Lines 6 and 7 indicate that the poet is indeed sincere in his effort to stay in touch with his readers, and he admits that it will be a “trick”—or a real feat—to make that connection. He will go so far as to “rub our hands” to bring some life back into the relationship between poet and reader, but the “maybe” that ends line 7 once again throws a little doubt into the mix. The word is ambiguous here, for it can be seen as the bridge to the next line so that we read it as “maybe / start a little fire,” or it can leave in limbo the idea of reviving a lost reader: “we can rub our hands / together, maybe.”

Lines 8-9

Line 8 may be an extension of the thought begun in the previous two lines, but it also implies starting a fire with something other than hands— in this case, “identification papers.” Perhaps Tate means here that our hands are a form of our identities, but the term also reflects an estrangement or a lack of familiarity between the poet and the reader, or the desperate would-be savior and the dead, so to speak.
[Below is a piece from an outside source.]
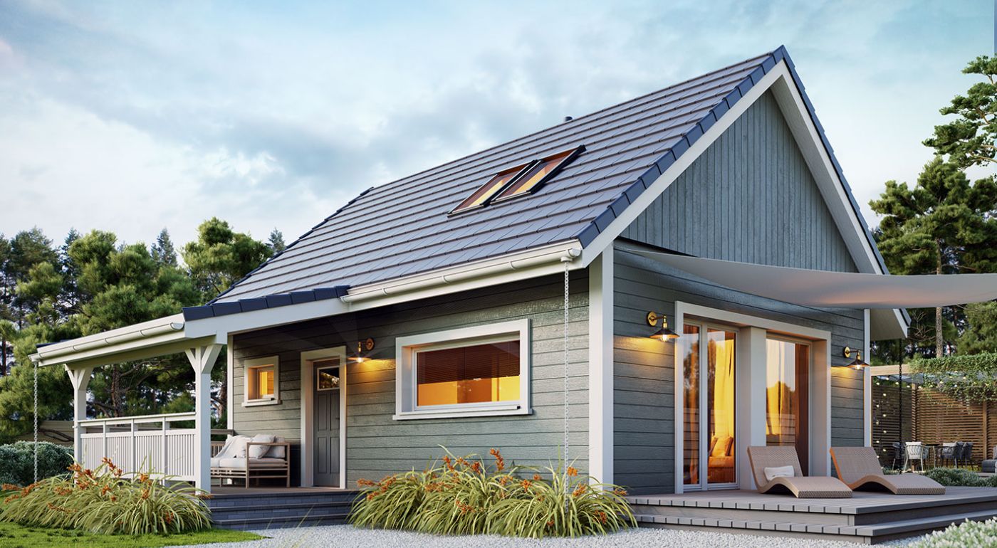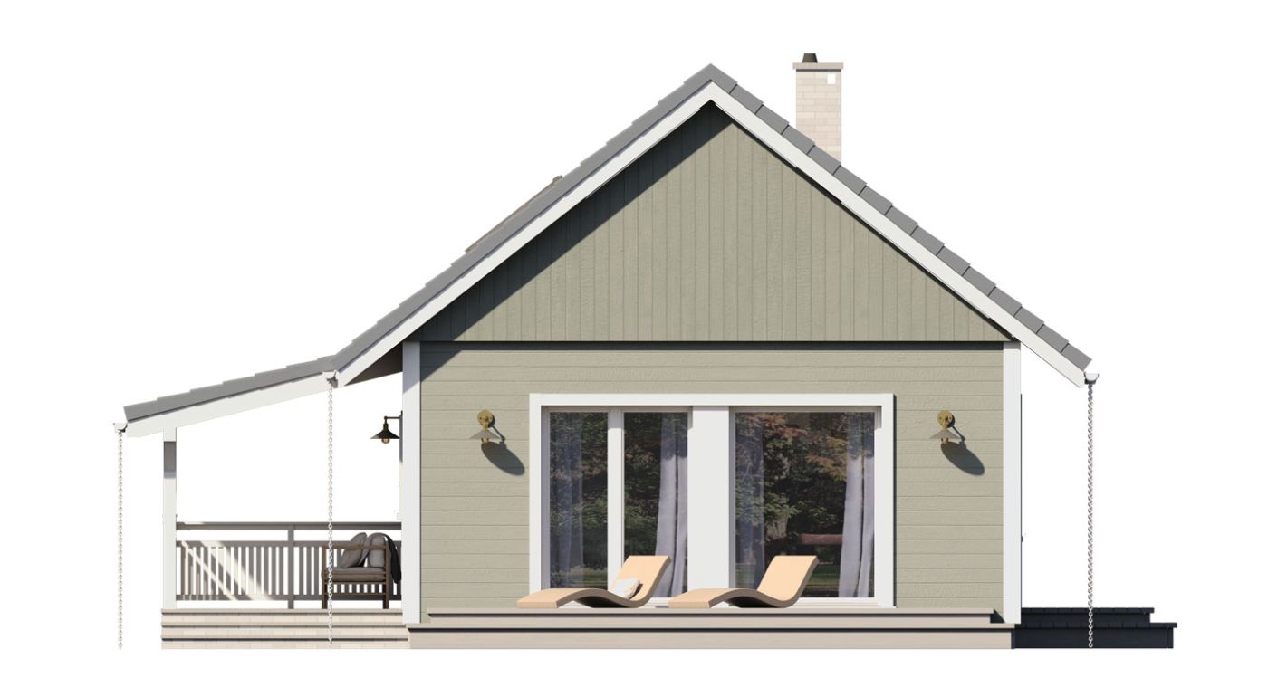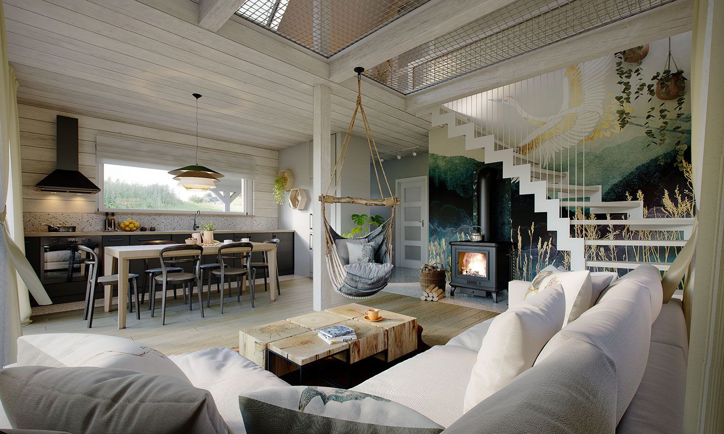 Деревянная эрна — это небольшой односемейный или летний дом. В квартире две спальни, открытая гостиная и мезонин. Площадь застройки составляет 63 м2, возможна постройка по запросу. Дом сочетает в себе традиционную простую форму с современной внутренней планировкой с открытой гостиной и многочисленными остеклениями. Вход в дом через крытую террасу-веранду. Кроме того, гостиная и спальня на первом этаже имеют выход на террасу. Такая конструкция допускает множество различных вариантов компоновки. Чердак можно надстроить и вместо антресоли создать там дополнительные комнаты. В стандартной комплектации дом оборудован тепловым насосом и камином.

If we must show someone ID papers, we must not already be acquaintances, much less friends.

Line 10

Line 10 presents the speaker as both doubtful and determined. Exactly what he does not “know” is not spelled out, but it seems that he is not sure whether we will be able to rekindle (“start a little fire”) the connection between him as poet and us as readers. There may also be a less apparent reference here, one hidden within the statement, “I don’t know.” Perhaps the speaker does not know why he is even trying to please us, why he struggles so to appease an audience that will likely remain aloof and unappreciative. Regardless of the implication, the speaker continues to “keep working, working,” determined not to stop writing—or, to carry the metaphor through, not to give up trying to pry open the casket with a burning snowflake.

Lines 11-12

The last two lines of “Dear Reader”—“half hating you, / half eaten by the moon”—are, essentially, half understandable and half vague. The poet/speaker has already established the notion of a love-hate relationship with his readers, fluctuating between frantically trying to reach us and mockingly putting forth the effort of a snowflake on fire. Line 11, therefore, is clear: the poet hates his readers, but not completely. His feelings of animosity stem from the pressure to “produce” for us, to create poetry that we will read and, hopefully, appreciate. The possibility of achieving that keeps him from walking away from the work altogether. Line 12 is Tate insisting the reader “think about words, not about content,” as mentioned above. The moon plays no real part in this poem because there is no reference to it throughout and, more importantly, it is unlikely that the moon would “appear” during a blizzard—in the sky or in the poem. Nonetheless, it is there, but why the poet is “half eaten” by it is unclear, and intentionally so. Perhaps he feels so inadequate in his efforts that even this heavenly body is a foe, eating away at his confidence. Perhaps moon is just an overused cliche in so much poetry that Tate drops it in here as another tongue-in-cheek move. And perhaps it is just a phrase that sounds “poetic” and defies analysis altogether. Whatever the impetus behind its inclusion, is typifies this poet’s typical “play” with language.

Themes

Surrealism

Surrealism refers to artistic or literary works that attempt to express subconscious thoughts through the use of fantastic imagery and incongruous juxtaposition of subject matter. Many of James Tate’s poems are grounded in surrealistic and bizarre settings, including “Dear Reader.” The most obvious juxtaposition of subjects in this poem is the notion of prying open a casket with a burning snowflake. Certainly, the idea of a “burning snowflake” itself is not only unrealistic, but physically impossible. We could dismiss this conflict as simply a touch of sarcasm to express how much the speaker is not attempting to pry the casket open, but just the presence of a coffin—and, therefore, death—introduces a macabre, surreal element into it. Tate’s speaker is not perplexed by his situation and his dilemma. Rather, he too expresses strange desires and exhibits freakish behavior. In the reader-as-corpse metaphor, he contemplates rubbing the hands of the dead person in order to bring back life in the same manner we may rub two sticks or stones together to spark a fire. He describes himself as working feverishly in a surreal scene, perhaps in a cemetery where a sealed coffin stands in the open, and snow, sleet, and the moon complement the eerie setting.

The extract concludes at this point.